As for getting these everyday citizens to participate in Wagner’s oddball visions of a man who can remove blood stains by sucking them off the ground or men laying inside the hood of a car, most people have been more than game to join in the fun. The most notable exception was the gent who starred in the milk bathing flier. He arrived at Wagner’s house dressed in a suit and ready to act, only to find out that he was being asked to strip down and get in a bath.

“I feel like if it was just me, he would have walked out,” Wagner remembers. “But because he saw the crew waiting, he was like, ‘Alright, I’m gonna get in this milk and you’ve got two minutes to take your pictures.’ I feel like that made the picture all the more beautiful, his palpable discomfort.”
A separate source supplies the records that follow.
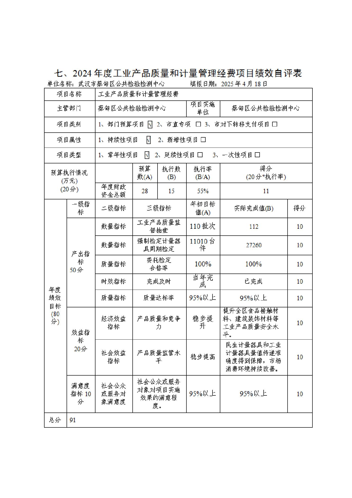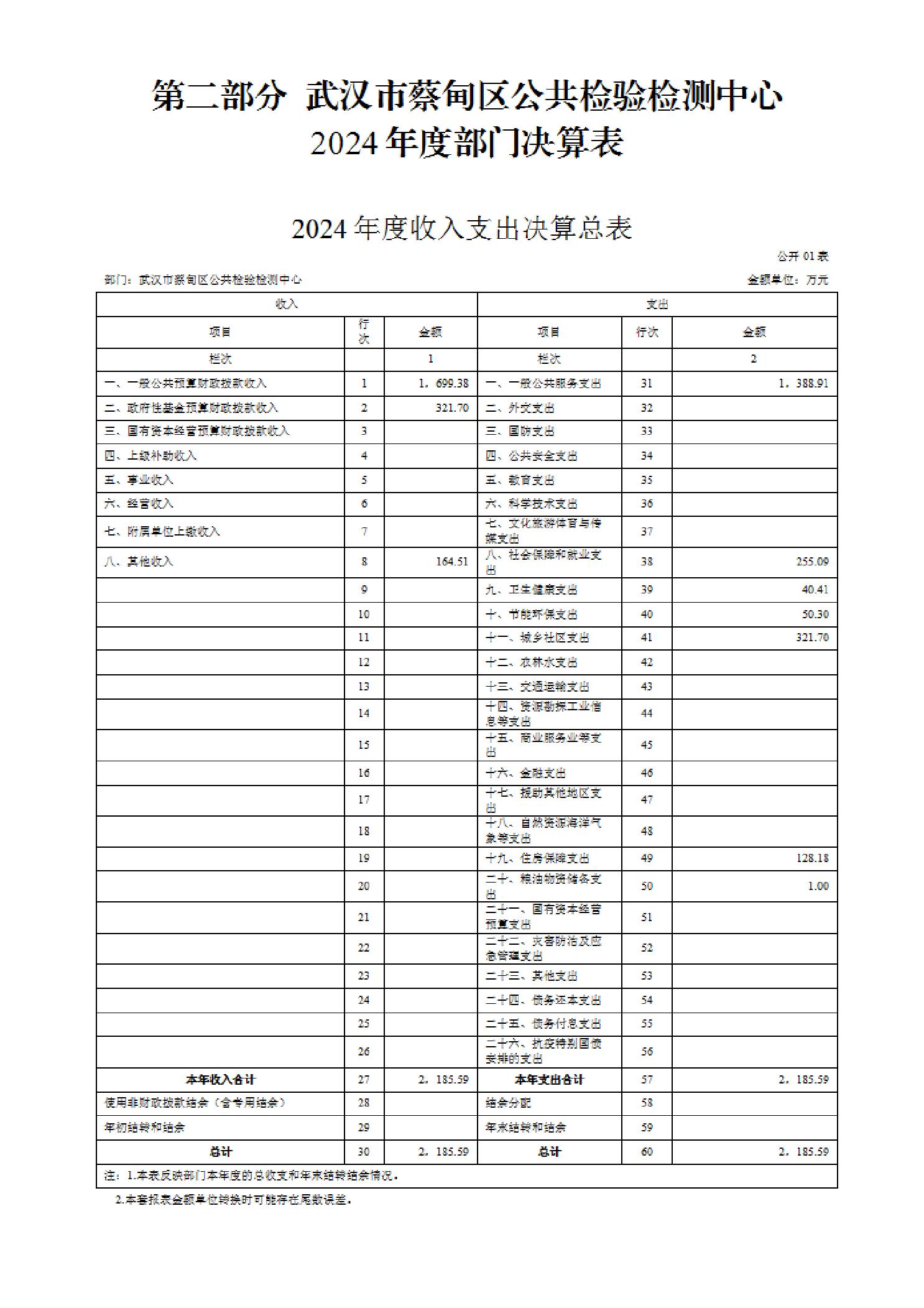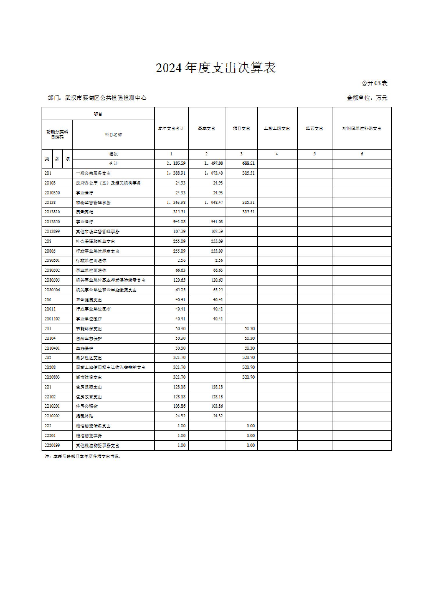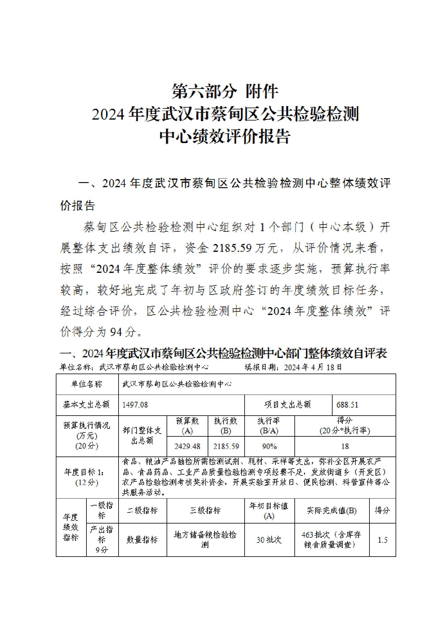武汉市蔡甸区公共检验检测中心2024年度部门决算公开
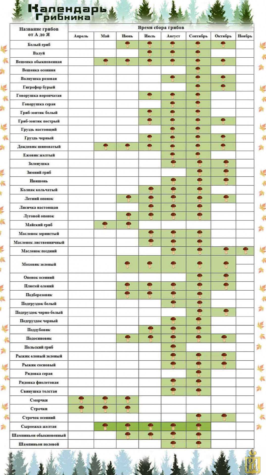 Календарь роста грибов по месяцам
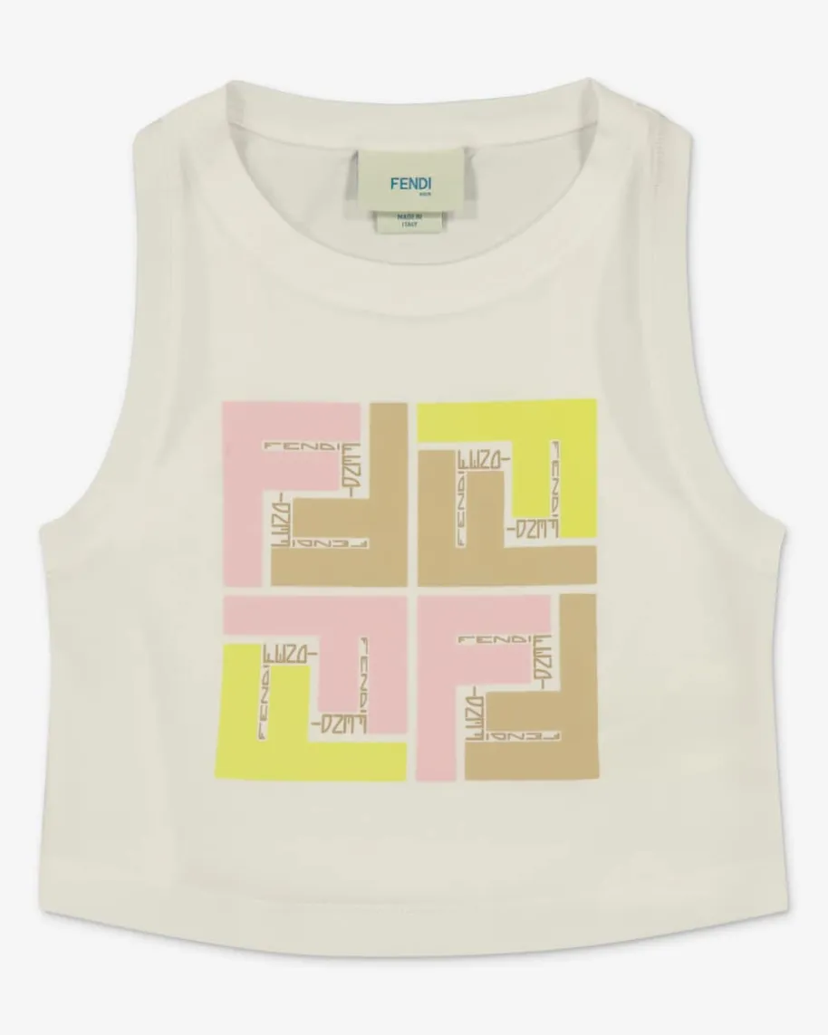 Top für Mädchen von Fendi Kids in Weiß und Bunt. Während die elastischeMaterial-Qualität für einen angenehmen Tragekomfort sorgt, garantiert dieverkürzte Passform zusammen mit dem Logo-Print auf der Front einen modischenLook.
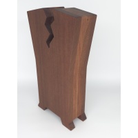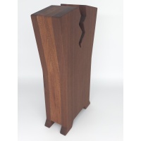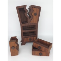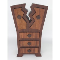 This design is called Cracked Box and is a fun project among woodworkers. I've put my own spin on it and implemented a secret locking drawer. It stands 18in tall 10in wide and 4in deep. Two deep and three shallow drawers one of which locks make up the storage areas. Made from sapele, African stripped mahogany and Peruvian walnut. Small imperfections can be found.
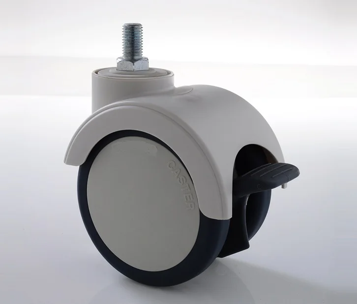 Поворотный опорный ролик с общей блокировкой, направленной блокировкой и свободным движением. Двойные колеса с точными шарикоподшипниками и крышками. Корпус и сердечник колеса изготовлены из нейлона - ПА6. Высокая несущая способность протектора колеса из ТПЭ гарантирует тихий и стабильный ход.
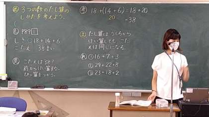 「3つの数のたし算のしかたを考えよう」をめあてに学習を進めています。
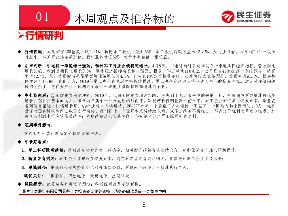 民生证券:国防军工行业周报:中电科一季度增长强劲,预计军工行业业绩稳定增长.pdf
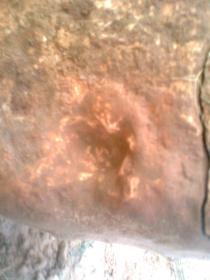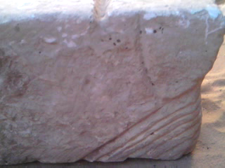 من فوق.. سيال بعرض 2سم .. يقطع الحجر بالعرض يظهر من جنبي الحجر .. و شيئ لم اتبينه متقاطع مع السيال .. كأنها دعسة قدم خفيفة و الله أعلم
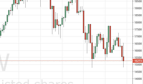The Nikkei went back and forth during the course of the week, initially going to the ¥16,500 level. We turn right back around to form a shooting star of sorts though, as we continue to sit on the ¥15,000 level. That’s an area that offers quite a bit of support, so if we can break down below there, I feel that the market will probably drop to the ¥14,000 level, and then possibly the ¥12,500 level. On the other hand, if we could break above the ¥16,500 level, the market could go much higher at that point in time.

As word has started to spread about Wagner’s work, especially among his fellow comedians (I first heard about him through Paul F. Tompkins’ Instagram account), it has become a nice side hustle for him. He now has over 1,100 subscribers to his Patreon and has been asked to produce ads for clients like Amazon, Capitol Records, and, memorably, Soylent.

“It was just a dog who only ate Soylent,” Wagner says. “I think it was like, ‘Someone take this freak dog from me who only ate Soylent.’ There was a number you could call in. Back in those days, I used Google Voice so I could actually hear the voicemails people were leaving. Someone thought it was a real dog and called animal control. I called animal control and assured them there was no dog.”

The continued interest in his work has also allowed him to self-publish Wagnerbook, a collection of the last five years of his fliers and posters that will be out in the world on November 10. The creation of this coffee table book has been an involved one as Wagner has had to make sure that the phone numbers and URLs on the fliers still work, adding new functionality that will allow folks to have text exchanges with, say, the parent of a kid “carving chairs like his friends with horns on the head.”

“I would love for comedy to be my whole income,” says Wagner, who has a day job writing scripts for a video game company. “It’s still my lifelong goal to make a movie and try to expand on the tone of what I’ve been doing.” A laudable ambition that, if nothing else, might get his parents to finally comprehend what he’s been up to all this time: “They don’t understand, but they’re reasonably supportive. I think it baffles them, but they’re also proud when they see something do well. I mean, as soon as it’s making me a livable income, I’m sure my dad will love it.”